§ GIVEN RECORDS

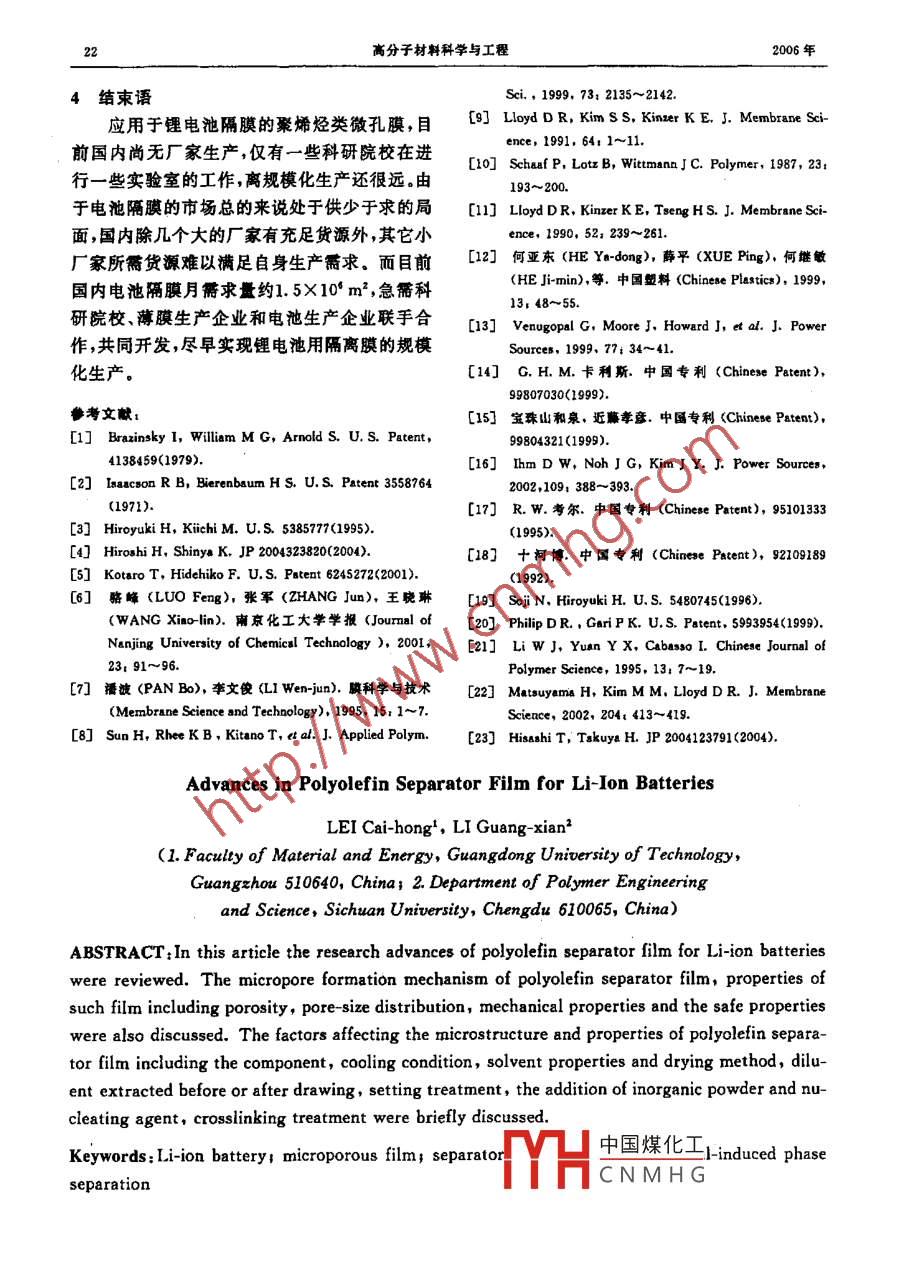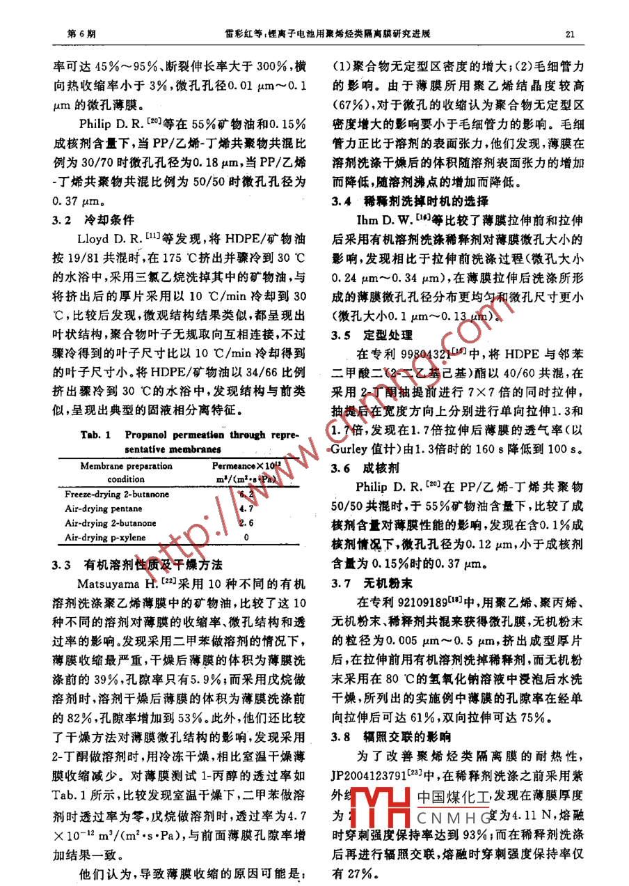第22卷第6期高分子材料科學(xué)與工程vo.22,No.620064F11 A POLYMER MATERIALS SCIENCE AND ENGINEERING Nov 2006鋰離子電池用聚烯烴類隔離膜研究進(jìn)展雷彩紅1,李光憲2(1廣東工業(yè)大學(xué)材料與能源學(xué)院,廣東廣州51064012四川大學(xué)高分子材料科學(xué)與工程系,四川成都610065)摘妟:綜逑了熱致相分離法銅高于電池用聚姊烴類隔高膜研究進(jìn)晨,上點(diǎn)綜述了隔離膜微孔形成機(jī)理、隔高鼷主頭技術(shù)指擗加孔徑大小及分布、孔隙率、力學(xué)性能及閉孔泓度和膜破梨溫度。并簡(jiǎn)迷了組分含量、冷卻條件、有機(jī)溶劑性質(zhì)及干燥方法、科釋劑洗拌時(shí)機(jī)的選擇、定型處理、無(wú)機(jī)粉末、成植劑、幅照交聯(lián)等對(duì)隔高膜微觀蚰構(gòu)和性能的影響關(guān)輸調(diào):鋰離子電池微孔胰;離;聚烯烴熱致相分離中圖分類號(hào):TB383文獻(xiàn)標(biāo)識(shí)碼,A文章編號(hào):1000-7555(2006)06-0018-05鋰離子電池目前廣泛應(yīng)用于手機(jī)、筆記本法,不同的是 Asahi- Kasey和 Mitsui Ch電電腦等可攜帶式電子產(chǎn)品上。相比鎳鍋和鎳氫采用先洗后拉過(guò)程而 Tonen公司采用先拉后池,具有能量密度高壽命長(zhǎng)和電壓高等優(yōu)洗過(guò)程。點(diǎn)。鋰離子電池由正負(fù)極、隔離膜和電解液組本文主要介紹熱致相分離法制造電池隔離成。其中隔離膜連接并隔開(kāi)正極和負(fù)極材料,膜的研究進(jìn)展,重點(diǎn)綜述隔離膜微孔形成機(jī)理、是電子的絕緣體,但允許離子通過(guò),其性能的優(yōu)隔離膜主要技術(shù)指標(biāo)及影響隔離膜微觀結(jié)構(gòu)和劣決定著電池的界面結(jié)構(gòu)和內(nèi)阻,進(jìn)而影響著性能的主要因京。電池的容量循環(huán)性、充放電電流密度等關(guān)鍵特性因此隔離膜性能的優(yōu)劣對(duì)于提高電池的綜1隔離蹊微孔形成機(jī)理合性能起重要的作用。隔離膜制造過(guò)程包括以下步驟:將聚合物目前,電池隔離膜主要是聚烯烴類微孔膜,如HDPE)與稀釋劑在高溫下共混形成均勻溶它的制造方法主要有熔融拉伸和熱致相分離液;該溶液以一定的冷卻速度或驟冷來(lái)誘發(fā)相法。熔融拉伸法是在提高熔融聚合物應(yīng)力的分離1采用溶劑洗滌方法洗掉稀釋劑;于燥將溶條件下先將結(jié)晶性聚合物(如聚丙烯)擠塑成劑揮發(fā)掉;溶劑洗滌前或后進(jìn)行單向或雙向拉膜,然后使薄膜在無(wú)張力或低張力下經(jīng)退火得伸;溶劑洗滌后進(jìn)行定型處理;最后收卷成膜。到必要結(jié)晶結(jié)構(gòu)再后進(jìn)行縱向拉伸產(chǎn)生一種其依據(jù)的機(jī)理是熱致相分離機(jī)理。狹縫狀空隙的網(wǎng)狀結(jié)構(gòu)。該法存在孔徑及孔隙駱?lè)宓群?jiǎn)述了熱致相分離法的相平衡熱率較難控制的缺點(diǎn),而且由于只進(jìn)行縱向拉伸力學(xué)及相分離動(dòng)力學(xué)原理潘波、李文俊印等對(duì)薄膜橫向強(qiáng)度較差。 Hoechst[和Nito聚合物/稀釋劑體系熱致相分離制造微孔膜的Denko公司采用該種方法。熱致相分離法是意義、原理過(guò)程及國(guó)內(nèi)外研究進(jìn)展進(jìn)行了評(píng)利用高聚物(如HDPE〕和某些高沸點(diǎn)的小分子述。SunH(采用 Hoffman- Weeks圖獲得了化合物(稀釋劑)在較高溫度下形成均相溶液,HDPE/液體石蠟間 Flory-Huggins相互作用參然后降低溫度發(fā)生相分離在拉伸前或拉伸后數(shù)為0.36對(duì)于這種具有弱相互作用的結(jié)晶性聚合洗掉稀釋劑使其產(chǎn)生微孔。日本的 Asahi-Ka中國(guó)煤化衛(wèi)相圖如Fg1所sei4、 Mitsui Chemical和 Tonen'公司采用該CNMHG收稿日期:2005-07-19μ修訂日期:2005-10-08聯(lián)系人:曾彩紅,主要從事薄胰加工、微觀結(jié)構(gòu)與性能之間的關(guān)系研究, E-mail: LCH528@21cN.OOM第6期露彩紅等:鋰離子電池用聚烯烴類隔離膜研究進(jìn)展19,其中。是偏晶點(diǎn)。要的當(dāng)溫度較高時(shí),聚合物與稀釋劑形成均勻的溶液,溫度降低時(shí),聚合物在高濃度區(qū)(在國(guó)n2隔離主要性能指標(biāo)右側(cè))表現(xiàn)為熔點(diǎn)降低在熔點(diǎn)降低曲線以下和2.1孔隙率、孔徑大小透氣率在φ左側(cè)水平虛線以下的區(qū)域發(fā)生固液相分Ganesh venugopal等比較了不同供應(yīng)離;在低濃度區(qū)(④左側(cè))相分離曲線以下,發(fā)商的隔離膜,發(fā)現(xiàn)其中兩家供應(yīng)商的隔離膜的生液液相分離形成聚合物富相和稀釋劑富相微孔孔徑在003m~0.05m之間,孔隙率在兩相區(qū)。40%~50%,以 Gurley值(根據(jù) ASTM D726標(biāo)準(zhǔn), Gurley值為在一定壓力下50mL氣體通Liquid-liquid過(guò)隔膜所需的時(shí)間,低 Gurley值表明薄膜具有好的透氣性)表示的透氣率小于100s,另外一Region家供應(yīng)商的隔離膜孔徑在0.09m~0.12m之間,孔隙率為55%。此外,他們發(fā)現(xiàn)盡管隔離膜孔徑和孔隙率接近,但透氣率并不是完全Solid-liquid region接近,這表明隔離膜中微孔的貫通性不一樣。隔離膜的孔徑一般要求在0.01pm~0.1pm范內(nèi),孔徑小于0.01pm時(shí),鋰離子穿過(guò)能力太F1 Temperature-composition phase diagram for.小;孔徑若大于0.1pm,電池內(nèi)部樹(shù)枝狀晶體a, the fraction of polymer in pol/dian生成時(shí),電池易短路此外為了保證電池有足夠的鋰離子穿透力,隔離膜的透氣率最好小于或Schaaf P.等認(rèn)為,在HDPE與二(2羥等于400s乙酯)牛酯胺、二苯醚聯(lián)二苯
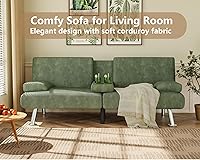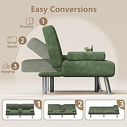 Flamaker Futon Sofa Bed Corduroy Folding Couch Adjustable Sleeper Sofa Bed for Small Apartment Upholstered Living Room Furniture Set with 2 Cup Holders Removable Armrests (Corduroy, Green)
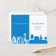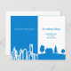 Eine elegante und minimalistische, sich bewegende Ankündigungskarte vom Stadtleben zum ländlichen Leben. Blau und weiß mit City Skyline und Country Zuhause. Personalisieren und fügen Sie Ihre neue Adresse und Nachricht zu Ihrer Familie und Ihren Freunden.
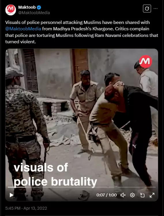 এরপর, প্রতিবেদনটির সূত্র ধরে, আমরা মাকতুব মিডিয়ার এক্স হ্যান্ডেলে ১৩ এপ্রিল, ২০২২-এর একটি পোস্ট পাই যেখানে ভাইরাল ভিডিওর একটি দীর্ঘতর সংস্করণ পাওয়া যায়। পোস্টটি অনুসারে ২০২২ সালে খারগোনে রাম নবমী উদযাপনকে কেন্দ্র করে হিংসা ছড়ানোর পর, খারগোনের শঙ্কর নগরে পুলিশ ভিডিওর দুই মুসলিম যুবককে মারধর করে।
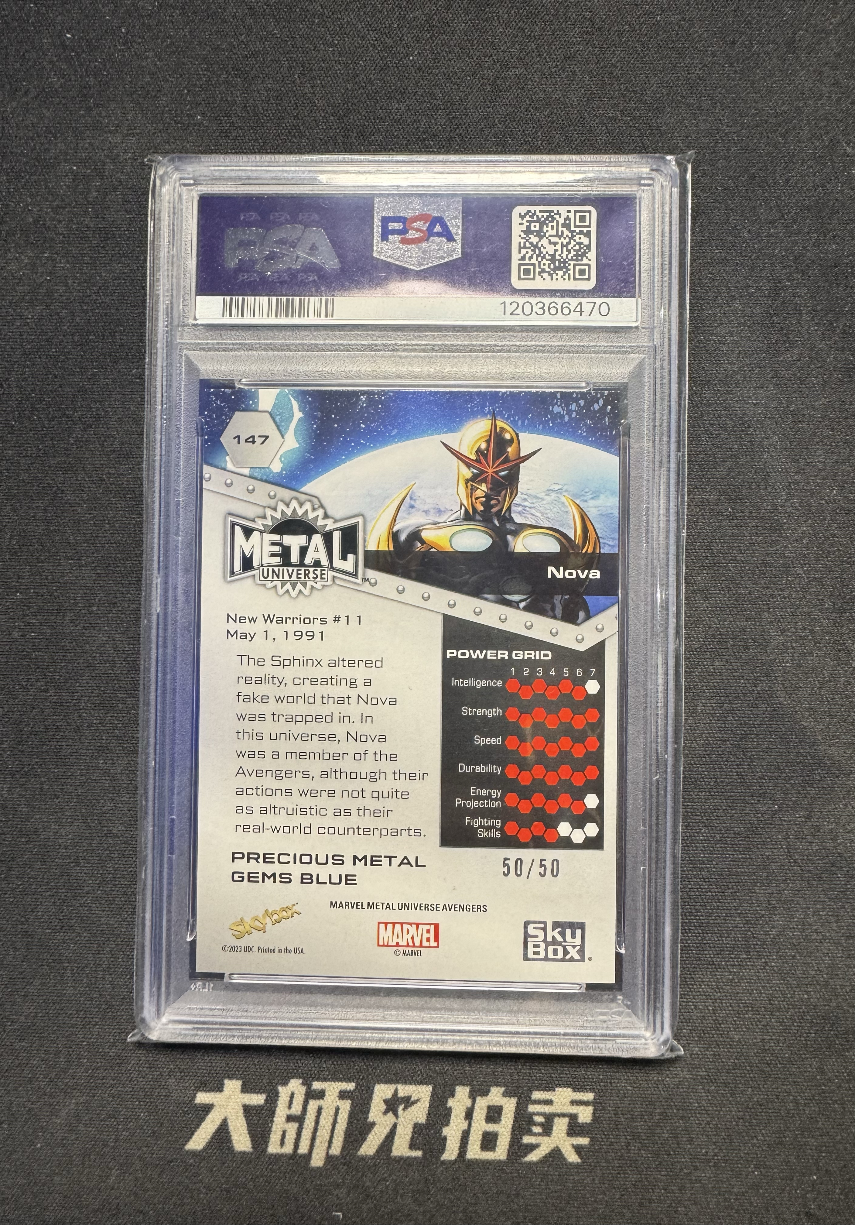 2024 SkyBox Marvel (MCU) NOVA 【大师兄拍卖】漫威 复仇者联盟 金属宇宙 新星 /50编 蓝宝石 蓝折 psa7分-jinx-
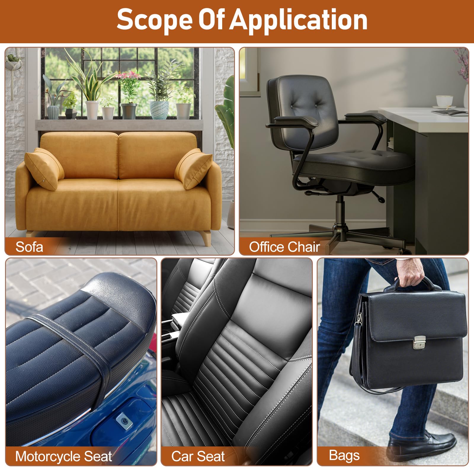 Wide Applicability - Quick Fix Leather Repair patch first aid works perfectly on leather and vinyl products; Applicable for couches,car seats, boat seats, upholstery, recliner,furniture, bags, suitcases, belts, and down jackets;
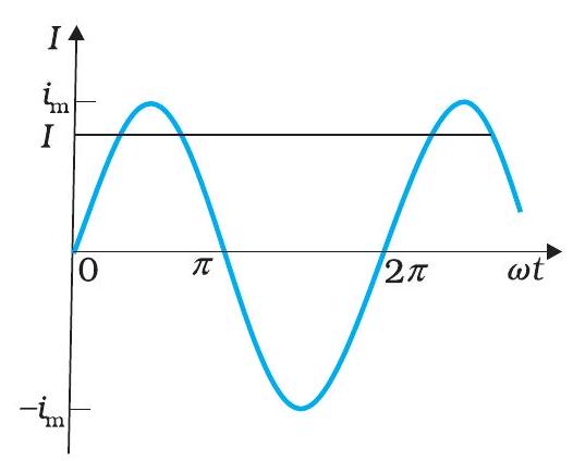चित्र 7.3 rms धारा $I$ शीर्ष धारा $i_{m}$ से $I=i_{m} / \sqrt{2}=0.707 i_{m}$ द्वारा संबंधित है।
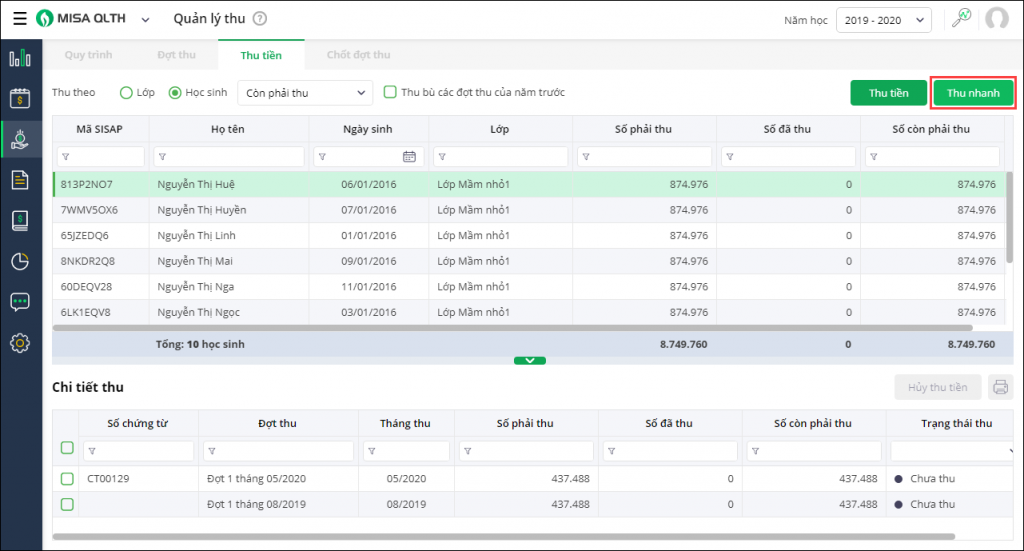 - Nhấn vào biểu tượng “thu tiền” để thực hiện thu từng đợt tương ứng
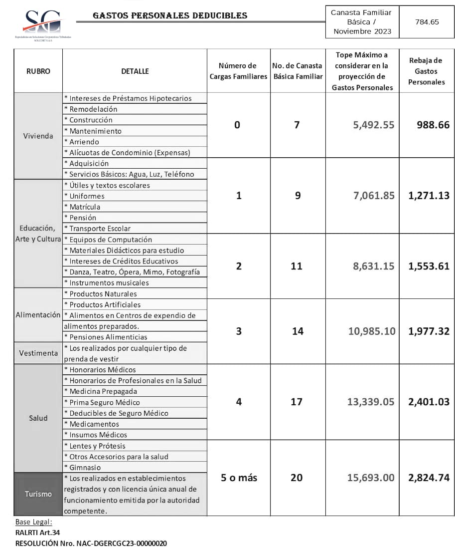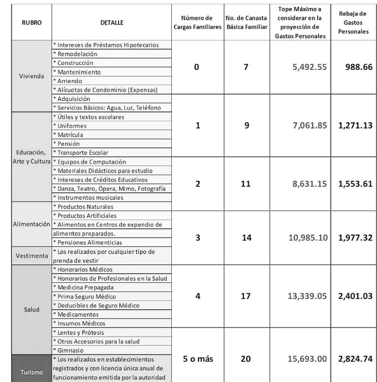 En febrero de 2024, los contribuyentes que se encuentren bajo relación de dependencia y que esperen obtener ingresos superiores a la base imponible establecida para el año 2023 (USD 11,902) o que perciban ingresos mensuales mayores a USD 991.83 en adelante, podrán presentar su proyección de gastos personales.
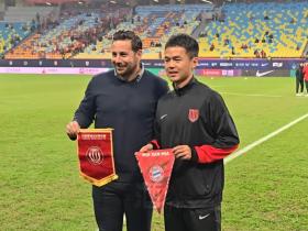 拜仁名宿皮萨罗到访成都蓉城主场,与甘锐互换队旗
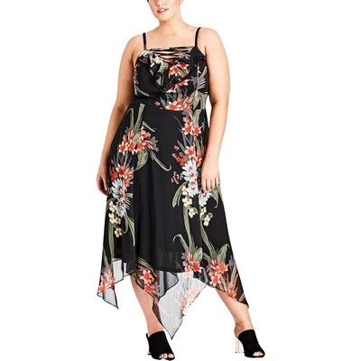 Женское черное шифоновое длинное платье макси City Chic с цветочным принтом BHFO 6246, Черный
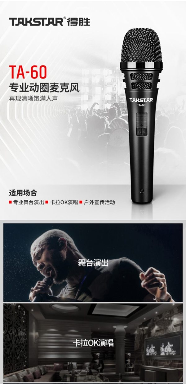得胜(TAKSTAR) TA-60 灵敏度:-51dB±3dB 专业动圈麦克风 (计价单位:只)
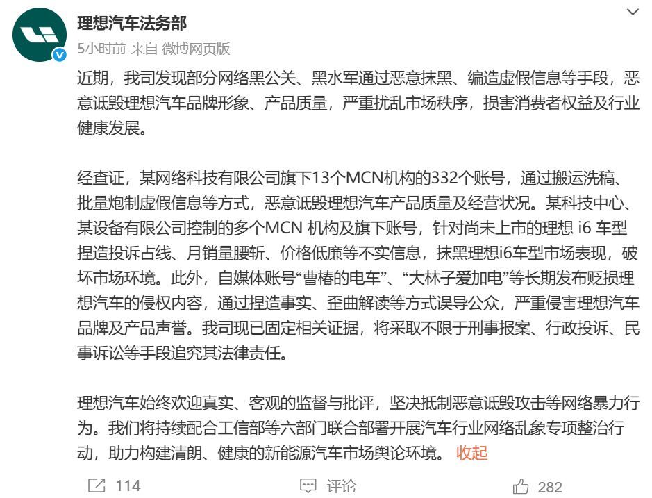 9月11日,理想汽车法务部在微博发文称,近期,我司发现部分网络黑公关、黑水军通过恶意抹黑、编造虚假信息等手段,恶意诋毁理想汽车品牌形象、产品质量,严重扰乱市场秩序,损害消费者权益及行业健康发展。
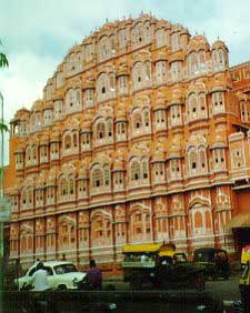 delicadamente talladas en arenisca rosa. El Hawa Mahal
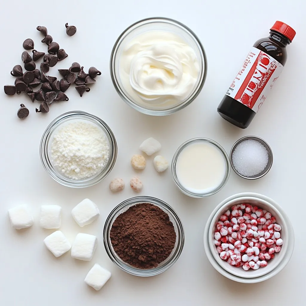 Gather these simple ingredients to create your peppermint hot cocoa chocolate mousse cups. Each item plays a key role in building rich flavor and a smooth texture. The heavy whipping cream gives a fluffy base, while the semi-sweet chocolate chips provide a deep chocolate taste. Whole milk keeps the mousse creamy, and granulated sugar adds sweetness. Unsweetened cocoa powder intensifies the chocolate flavor, while pure vanilla and peppermint extracts bring warmth and festive cheer.

§ TASK
Copy exactly, and only, the lines running from the one containing "चित्र 7.3 rms" through the final line of the data, and omit the pictures.

§ EXERCISE ANSWER
चित्र 7.3 rms धारा $I$ शीर्ष धारा $i_{m}$ से $I=i_{m} / \sqrt{2}=0.707 i_{m}$ द्वारा संबंधित है।
 - Nhấn vào biểu tượng “thu tiền” để thực hiện thu từng đợt tương ứng
 En febrero de 2024, los contribuyentes que se encuentren bajo relación de dependencia y que esperen obtener ingresos superiores a la base imponible establecida para el año 2023 (USD 11,902) o que perciban ingresos mensuales mayores a USD 991.83 en adelante, podrán presentar su proyección de gastos personales.
 拜仁名宿皮萨罗到访成都蓉城主场,与甘锐互换队旗
 Женское черное шифоновое длинное платье макси City Chic с цветочным принтом BHFO 6246, Черный
得胜(TAKSTAR) TA-60 灵敏度:-51dB±3dB 专业动圈麦克风 (计价单位:只)
 9月11日,理想汽车法务部在微博发文称,近期,我司发现部分网络黑公关、黑水军通过恶意抹黑、编造虚假信息等手段,恶意诋毁理想汽车品牌形象、产品质量,严重扰乱市场秩序,损害消费者权益及行业健康发展。
 delicadamente talladas en arenisca rosa. El Hawa Mahal
 Gather these simple ingredients to create your peppermint hot cocoa chocolate mousse cups. Each item plays a key role in building rich flavor and a smooth texture. The heavy whipping cream gives a fluffy base, while the semi-sweet chocolate chips provide a deep chocolate taste. Whole milk keeps the mousse creamy, and granulated sugar adds sweetness. Unsweetened cocoa powder intensifies the chocolate flavor, while pure vanilla and peppermint extracts bring warmth and festive cheer.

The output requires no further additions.